Comment mesurer la conformité de son infrastructure au projet de framework cloud souverain de l'UE ? Le spécialiste en solutions open source Suse apporte une réponse en proposant un outil en ligne pour évaluer son alignement aux exigences européennes. Rappelons que le projet défendu par la Commission est sujet à controverse : lors de sa présentation en novembre dernier, l'association Cispe réunissant les fournisseurs cloud européens l'avait considéré comme opaque et pouvant même favoriser des hyperscalers étrangers. 

« Le Cloud Sovereignty Framework de Suse simplifie la démarche attribuant un score SEAL (Sovereignty Effective Assurance Levels) mesurant le niveau de souveraineté d’une organisation par rapport aux huit objectifs définis par le cadre européen », explique l'éditeur.
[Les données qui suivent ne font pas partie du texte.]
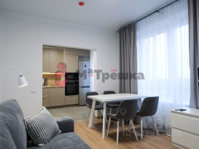 В квартире выполнен свежий ремонт в современном стиле. Она полностью меблирована и оборудована всей необходимой бытовой техникой, включая холодильник, варочную панель, духовку, вытяжку, посудомоечную и стиральную машины, телевизоры 2 шт, один расположен в гостиной, а второй куплен, но не повешен, пока что в коробке стоит. Кухня площадью 10 кв.м. плавно переходит в светлую гостиную. Два санузла, один из которых с окном, оборудованный ванной и стиральной машиной, второй скорее как гостевой, где только унитаз и раковина. Также предусмотрена темная комната (гардероб) для хранения вещей.

Ce score SEAL se base sur les critères suivants : stratégique, juridique, data et IA, opérationnel, supply chain, technologie, sécurité et environnement. Pour chacun de ces critères, des questions variées sont posées (par exemple : est-ce que votre fournisseur est sujet à des lois extraterritoriales d'accès aux données ?) avec pour chacune d'elles 5 réponses possibles (allant de non souverain à totalement souverain).

Des résultats donnés à titre indicatif

Cet outil peut être utile mais quelques précautions sont à considérer. « Cet instrument n'est pas une méthode d'évaluation officielle approuvée par l'UE et les conclusions ou recommandations qui vous sont fournies dans l'outil ne constituent pas des conseils juridiques », prévient Suse. En outre, l'éditeur indique qu'il « n'assume aucune obligation légale ni aucune responsabilité concernant les résultats de l'outil ou leur utilisation à des fins de conformité réglementaire ». Pour télécharger le rapport faisant suite au remplissage de ce test, l'éditeur demande par ailleurs des coordonnées (mail, téléphone...) et nécessite d'accepter ses conditions d'usage en vigueur.

L'initiative n'est pas sans rappeler celle lancée en début de semaine par le gouvernement français sur l'indice de résilience numérique. Il comprend 20 critères : cybersécurité, connectivité, compétences, plateformes, data, l’infrastructure,… À ces critères sont associées des catégories de dépendances, opérationnelles, réglementaires, technologiques, stratégiques… En fonction des réponses aux actions entreprises sur les différents critères et catégories, une note entre 0 et 5 est attribuée.